Observation des Pics

Samedi 18 mars 2017, nous étions une dizaine de personnes à répondre à ce rendez-vous matinal, animé par Moea et Christophe, en vue d’observer les pics dans l’un de leur habitat naturel : la zone boisée près de la Boivre.

Nous avons débuté la sortie par une observation des oiseaux autour du lieu de rendez-vous.

Les oiseaux observés

Nous avons eu l’occasion d’apercevoir : des Moineaux domestiques, un Serin cini, un Chardonneret élégant, un Rougequeue noir, un Pinson des arbres, un Héron cendré qui nous a survolés, des Corneilles noires, des Pigeons ramiers.

Après cette mise en condition, nous nous sommes dirigés vers la zone humide pour observer dans un premier temps l’habitat des pics.

Les espèces de pics

En France, il existe 8 espèces de pics et 13 en Europe. Sur le site visité, nous pouvons rencontrer le Pic vert, le Pic noir, le Pic épeiche et le Pic épeichette.

Ils ont tous besoin d’un boisement adapté , c’est-à-dire d’une zone forestière contenant de vieux arbres avec de nombreuses branches mortes procurant du bois tendre leur permettant de préparer leurs loges pour dormir ou nicher. Cependant, on peut aussi les trouver dans d’autres zones boisées comme les haies d’arbres, les vergers, les parcs et les jardins.

Leur présence est facile à observer car ils frappent et fendent l’écorce du tronc de l’arbre afin de pouvoir atteindre les insectes situés sous cette écorce. D’autre part, ils creusent une cavité dans un tronc d’arbre (situé entre 5 à 7 mètres du sol) pour nidifier.

L’alimentation des pics

Leur alimentation peut varier selon les espèces. S’ils se nourrissent principalement d’insectes xylophages, le Pic vert et le Pic noir sont aussi des mangeurs de fourmis, le Pic épeiche peut se nourrir de graines  et de baies.

Le « chant » des pics

Les pics ne possèdent pas véritablement de chant. Au printemps, ils marquent leur territoire par un bruit typique nommé le «tambourinage». Le mâle de pic choisit une branche ou un tronc sec qui devient caisse de résonance lorsqu’il le frappe violemment par une série de coups de bec. Le bruit produit peut être très puissant selon les espèces et s’entendre à plusieurs centaines de mètres. Cette activité de tambourinage est maximale de mi-mars à mi-avril, mais débute souvent plus tôt.
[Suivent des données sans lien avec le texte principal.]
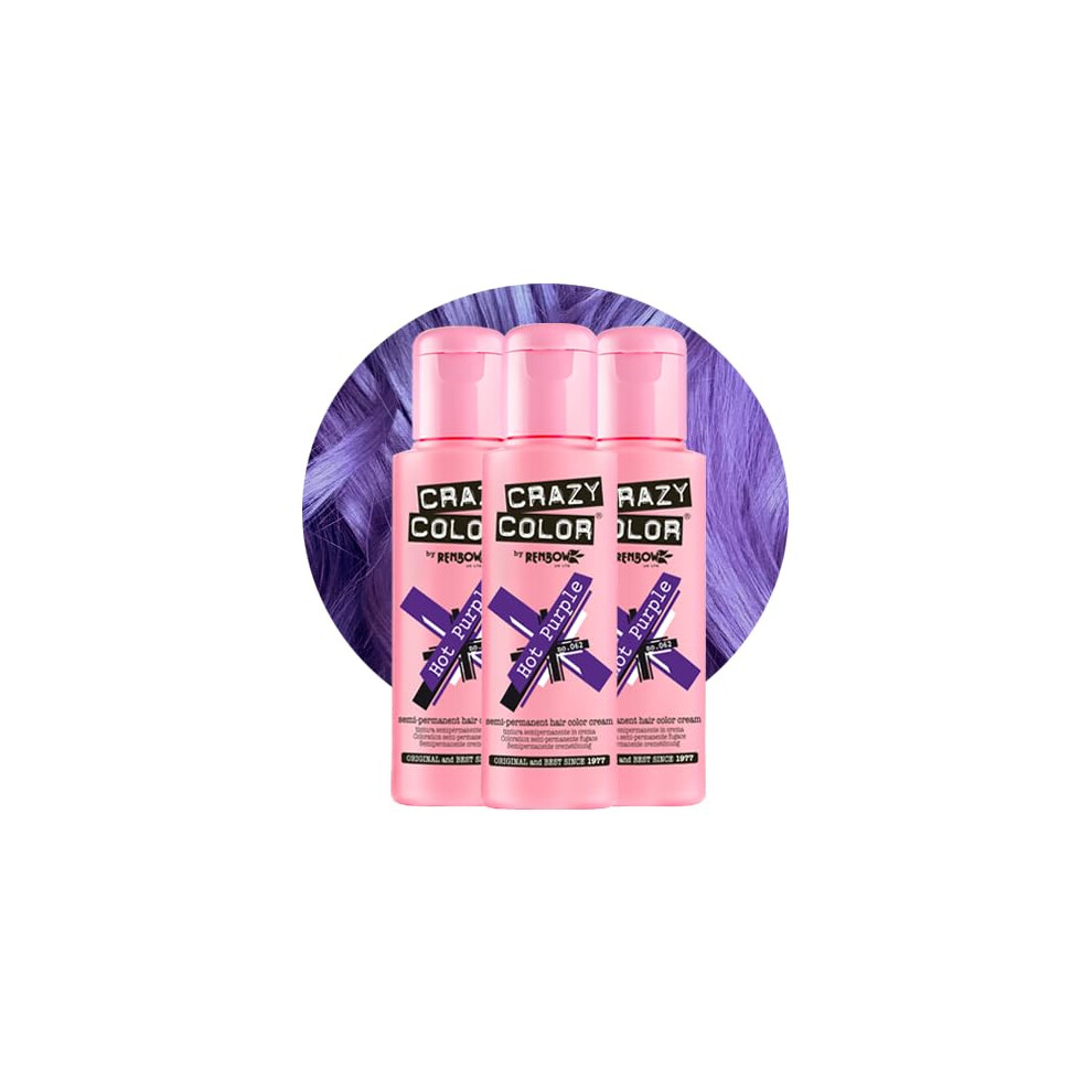 3x Crazy Color Semi-Permanent Conditioning Hair Dye Colour Cream - Hot Purple

Chaque espèce de pics tambourine selon un rythme, une durée et une puissance qui lui sont propres. Le Pic vert et le Pic mar pratiquent rarement le tambourinage.

Il faut faire attention à ne pas confondre le tambourinage avec le bruit émis par le pic lorsqu’il frappe le tronc à la recherche de sa nourriture ou lorsqu’il creuse sa loge.

Les nids

Durant cette promenade, nous avons pu observer le Pic vert et vu la présence de nids de Pic vert, Pic noir et Pic épeichette. Leurs nids se différencient par la forme et la taille. Les participants ont pris la décision de repasser sur les lieux d’ici 3 à 4 semaines, en espérant pouvoir observer les nichées.

Les bois morts aux abords de la Boivre

Cette sortie a permis de nous faire comprendre que la présence de bois morts et des vieux arbres sont importantes pour la biodiversité et la survie de certaines espèces comme les pics qui sont d’excellents ambassadeurs de l’écosystème.

Ceci ouvre le champs sur le projet que réalise conjointement la Mairie de Vouneuil-sous-Biard et l’association du Triton de Vouneuil, afin d’informer les habitants sur l’intérêt de la présence des chandelles et bois morts laissés dans la zone humide, près de la Boivre.

Enfin, je remercie Moea et Christophe d’avoir partagé, avec les participants, leurs connaissances et leur passion pour les oiseaux.